#### DIRECTIONS FOR THIS TASK:
From the line with "Ulla Popken Floral" down to the final line of the material, please transcribe everything exactly, but leave the pictures out.

#### GIVEN MATERIAL:
--
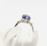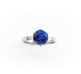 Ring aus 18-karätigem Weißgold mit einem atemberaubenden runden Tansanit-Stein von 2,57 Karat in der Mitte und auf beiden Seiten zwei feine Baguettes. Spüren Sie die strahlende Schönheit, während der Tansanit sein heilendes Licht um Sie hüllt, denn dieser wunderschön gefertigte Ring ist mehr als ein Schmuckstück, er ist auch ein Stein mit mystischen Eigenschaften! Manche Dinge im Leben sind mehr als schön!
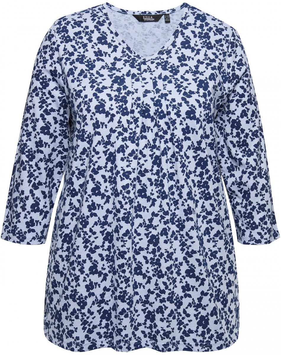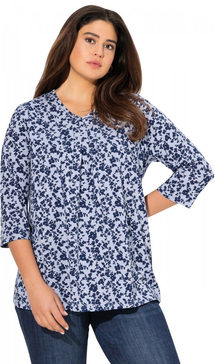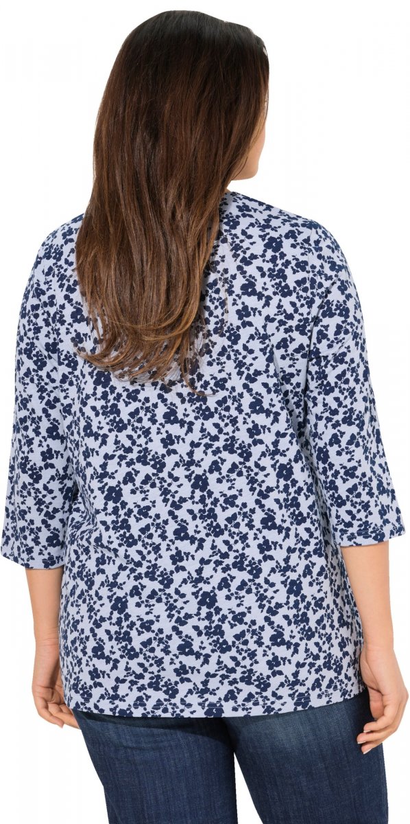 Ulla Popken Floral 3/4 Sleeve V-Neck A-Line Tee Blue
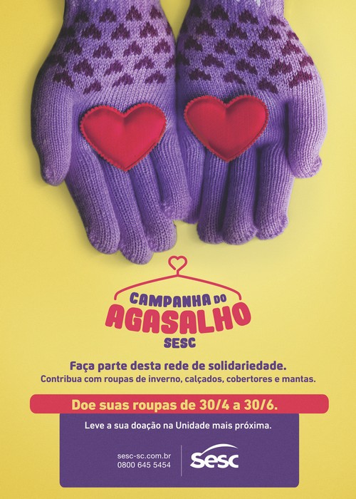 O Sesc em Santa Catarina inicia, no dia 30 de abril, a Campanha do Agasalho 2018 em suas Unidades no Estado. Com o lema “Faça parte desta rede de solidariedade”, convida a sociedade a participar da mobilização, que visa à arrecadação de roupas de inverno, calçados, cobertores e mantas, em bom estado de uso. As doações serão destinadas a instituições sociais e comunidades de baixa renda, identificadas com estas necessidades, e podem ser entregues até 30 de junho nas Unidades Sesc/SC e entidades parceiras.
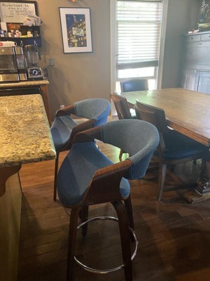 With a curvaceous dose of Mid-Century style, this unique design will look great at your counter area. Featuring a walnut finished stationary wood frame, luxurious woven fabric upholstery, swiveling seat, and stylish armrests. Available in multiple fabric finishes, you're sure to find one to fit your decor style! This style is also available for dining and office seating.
--
#### WRITTEN RESPONSE:
 Ulla Popken Floral 3/4 Sleeve V-Neck A-Line Tee Blue
 O Sesc em Santa Catarina inicia, no dia 30 de abril, a Campanha do Agasalho 2018 em suas Unidades no Estado. Com o lema “Faça parte desta rede de solidariedade”, convida a sociedade a participar da mobilização, que visa à arrecadação de roupas de inverno, calçados, cobertores e mantas, em bom estado de uso. As doações serão destinadas a instituições sociais e comunidades de baixa renda, identificadas com estas necessidades, e podem ser entregues até 30 de junho nas Unidades Sesc/SC e entidades parceiras.
 With a curvaceous dose of Mid-Century style, this unique design will look great at your counter area. Featuring a walnut finished stationary wood frame, luxurious woven fabric upholstery, swiveling seat, and stylish armrests. Available in multiple fabric finishes, you're sure to find one to fit your decor style! This style is also available for dining and office seating.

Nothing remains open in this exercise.